**Prompt:** Exactly the lines from the one containing "बाढड़ा कस्बे की" through the end of the listing must make up the answer, with no pictures included.

--- Given data Enclosed Below ---

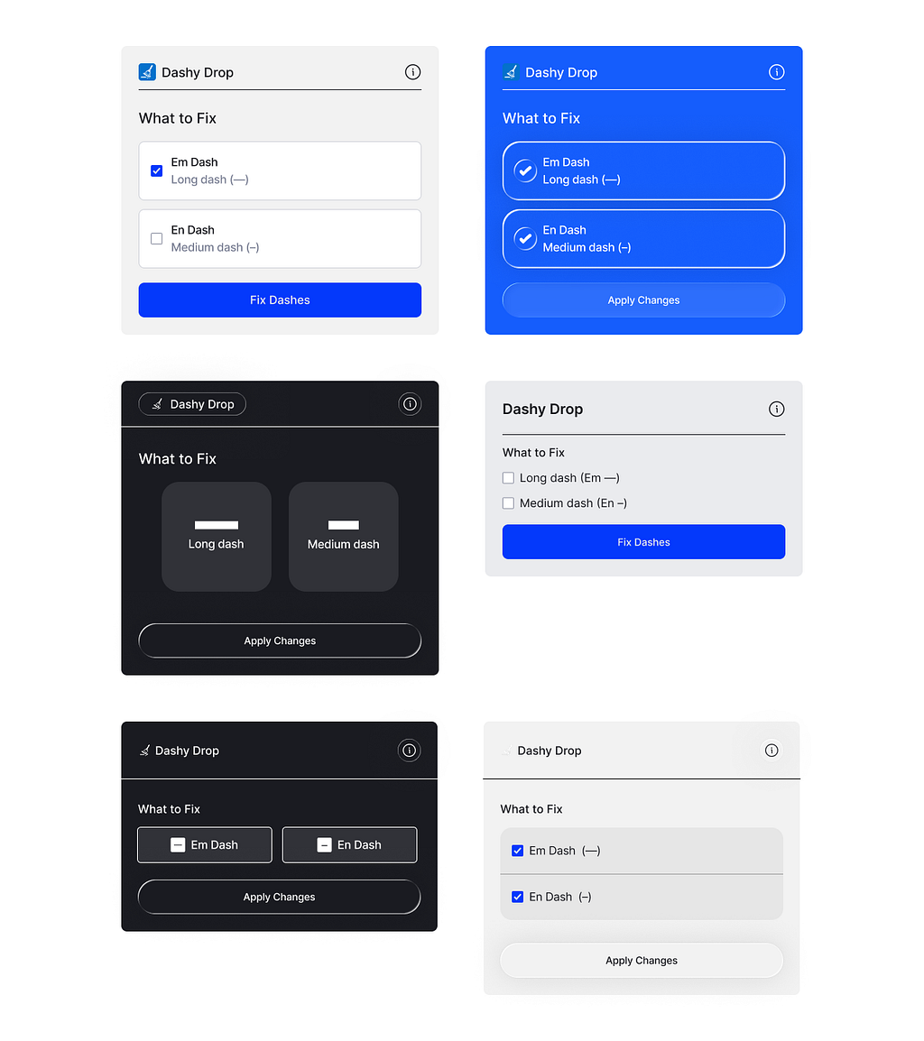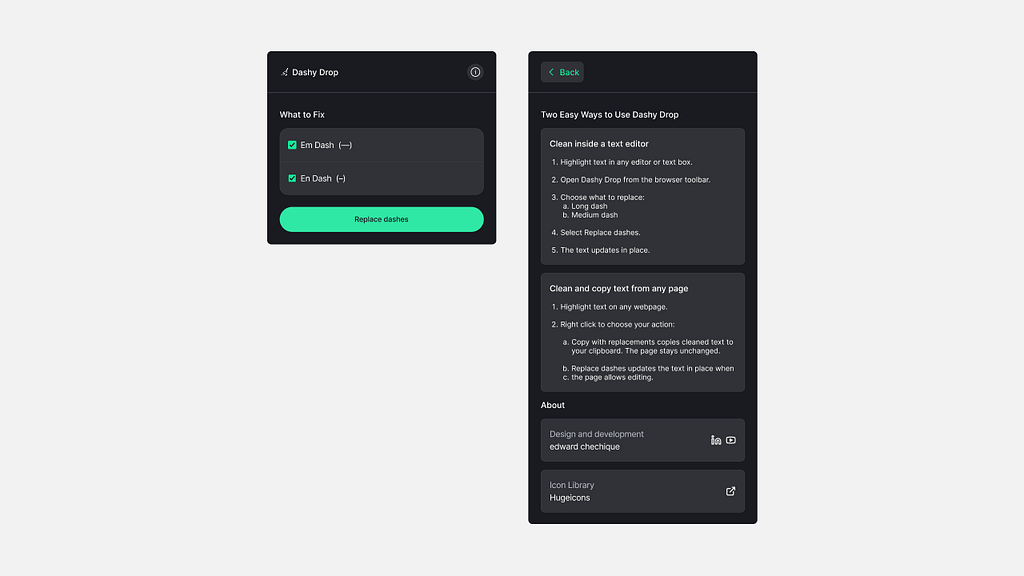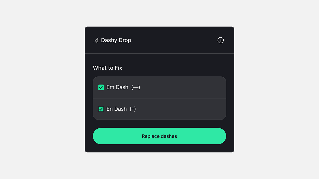 The main screen had one job: let users choose which dashes to fix. Em dash, En dash, or both. Click “Replace dashes.” That’s all. One clear action.
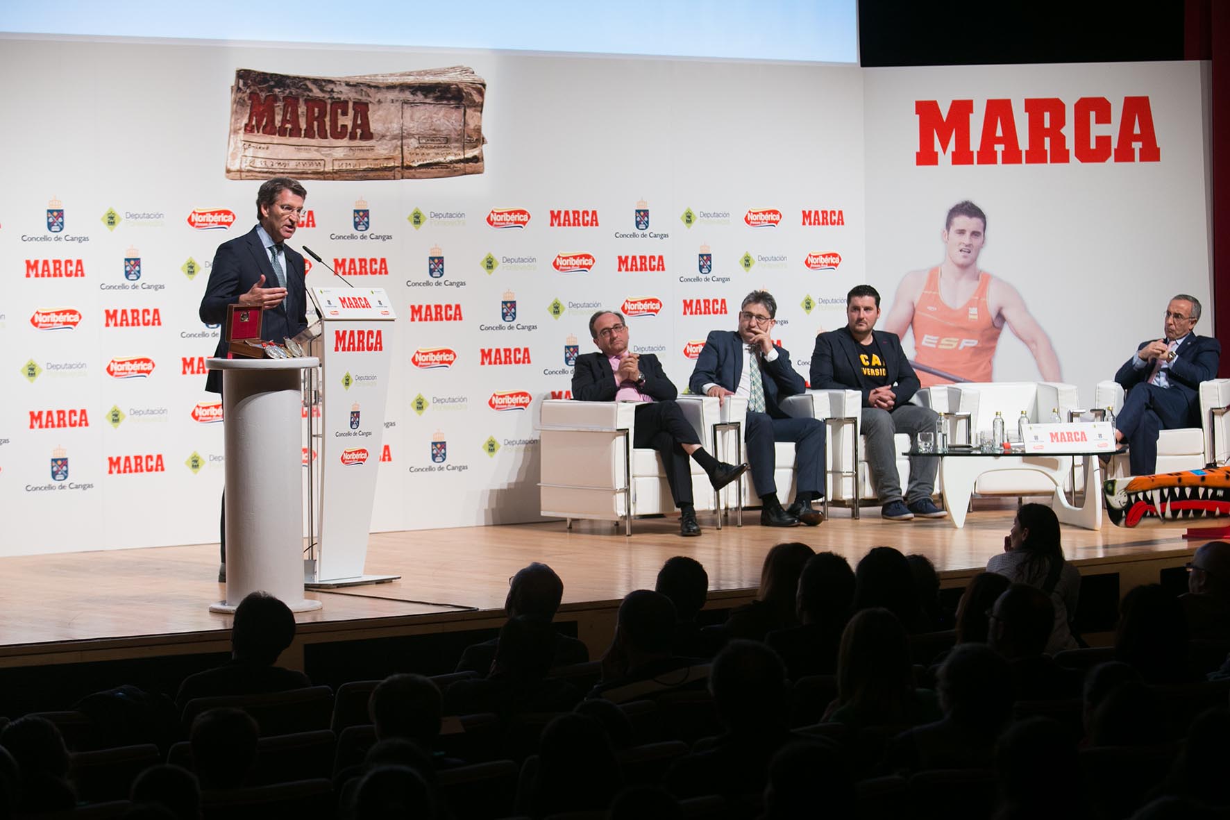 Durante a entrega do galardón MARCA leyenda ao deportista, Feijóo lembrou que os galegos celebramos co piragüista cangués cada un dos seus éxitos como se foran de todos: cinco medallas olímpicas, cinco no campionato mundial e outras cinco nos europeos.
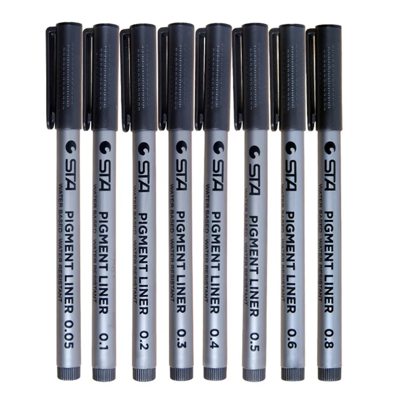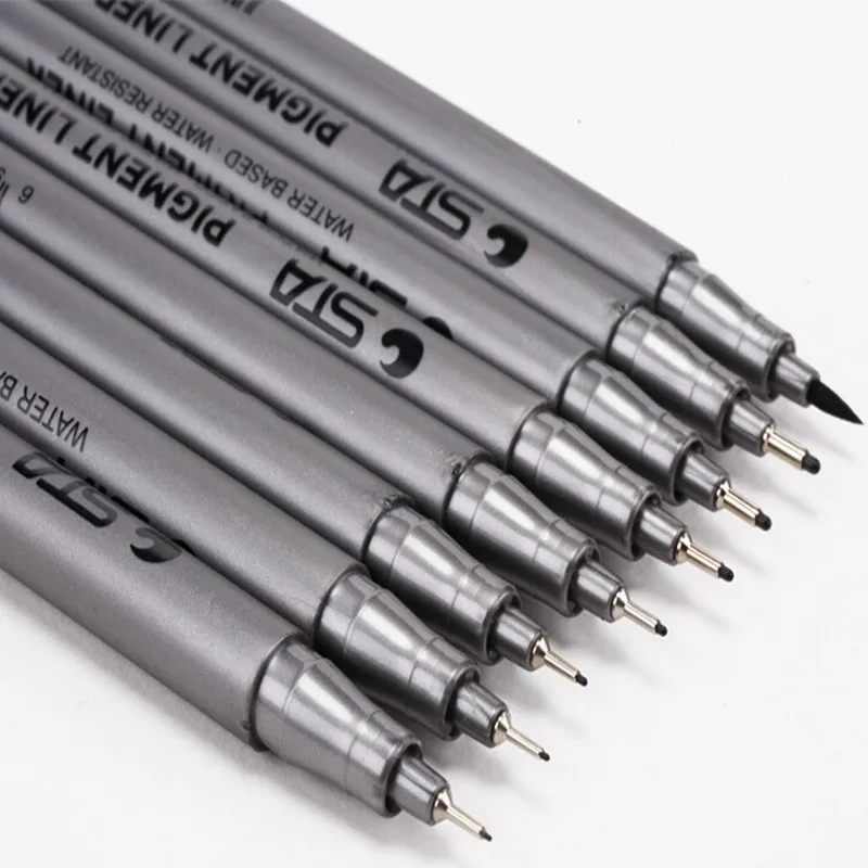 Набор чернильных маркеров STA 9 микрон, кончики 0,05 0,1 0,2 0,3 0,4 0,5 0,6 0,8 мм, кисть, черные чернила, идеально подходят для рисования и письма
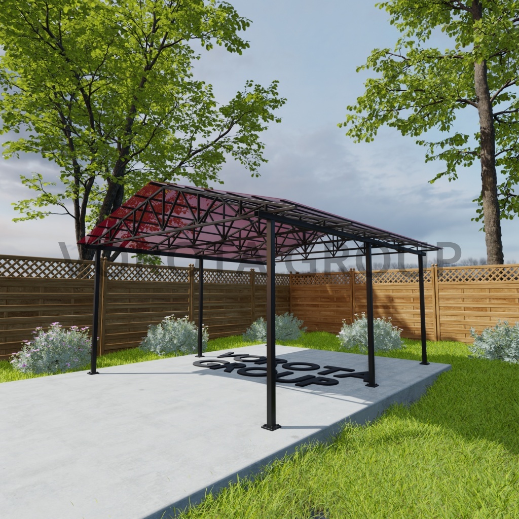 Двухскатный навес с арочным основанием гранатового цвета, монолитный поликарбонат 5500*8000
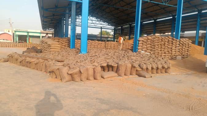 बाढड़ा कस्बे की अनाज मंडी में लगे गेहूं के बैग।
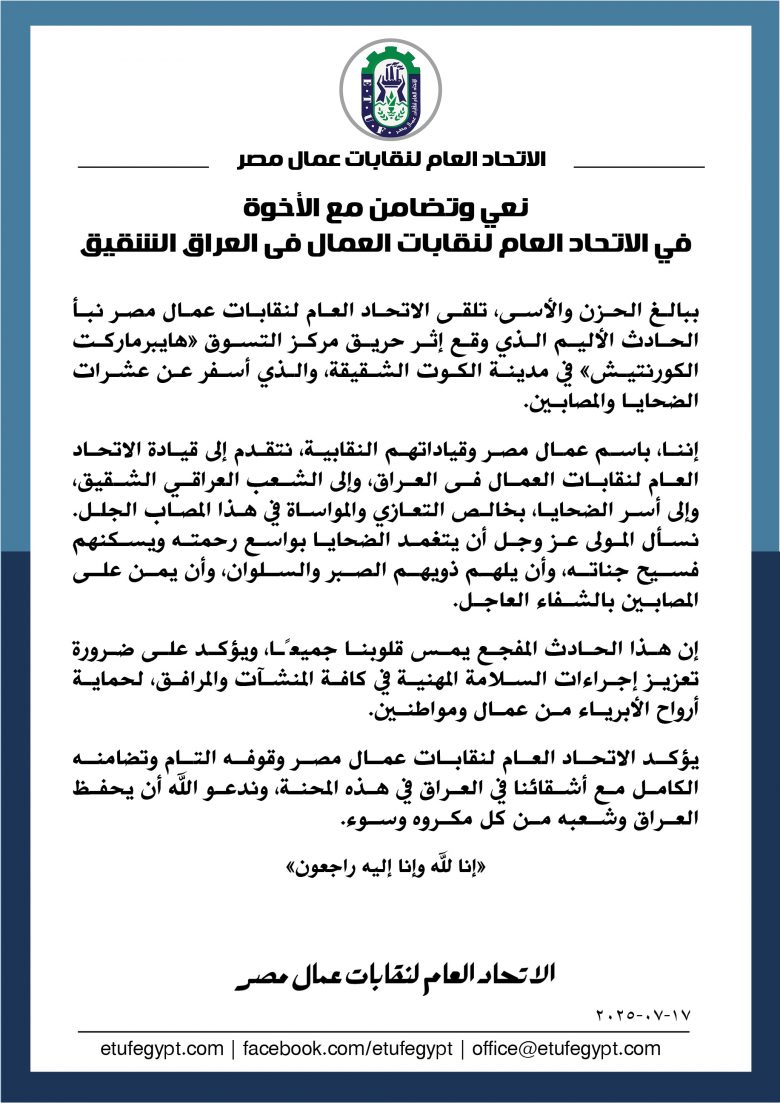 إننا، باسم عمال مصر وقياداتهم النقابية، نتقدم إلى قيادة الاتحاد العام لنقابات العمال في العراق، وإلى الشعب العراقي الشقيق وإلى أسر الضحايا، بخالص التعازي والمواساة في هذا المصاب الجلل. نسأل المولى عز وجل أن يتغمد الضحايا بواسع رحمته ويسكنهم فسيح جناته، وأن يلهم ذويهم الصبر والسلوان، وأن يمن على المصابين بالشفاء العاجل.
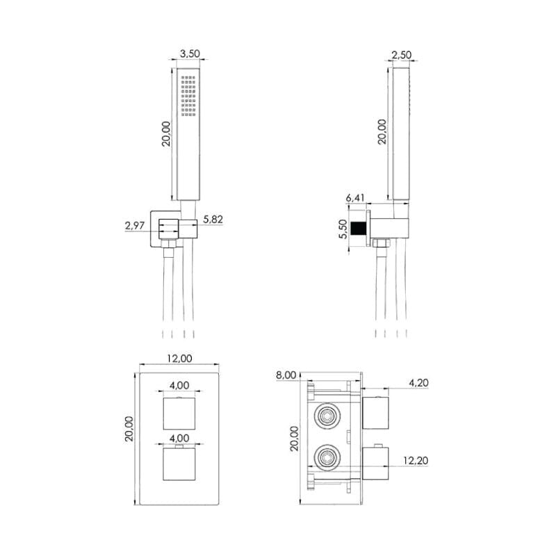 Set de douche thermostatique encastrable TILSO de finition chromée.

--- End of Enclosed Given data ---

**Expected answer:**
 बाढड़ा कस्बे की अनाज मंडी में लगे गेहूं के बैग।
 إننا، باسم عمال مصر وقياداتهم النقابية، نتقدم إلى قيادة الاتحاد العام لنقابات العمال في العراق، وإلى الشعب العراقي الشقيق وإلى أسر الضحايا، بخالص التعازي والمواساة في هذا المصاب الجلل. نسأل المولى عز وجل أن يتغمد الضحايا بواسع رحمته ويسكنهم فسيح جناته، وأن يلهم ذويهم الصبر والسلوان، وأن يمن على المصابين بالشفاء العاجل.
 Set de douche thermostatique encastrable TILSO de finition chromée.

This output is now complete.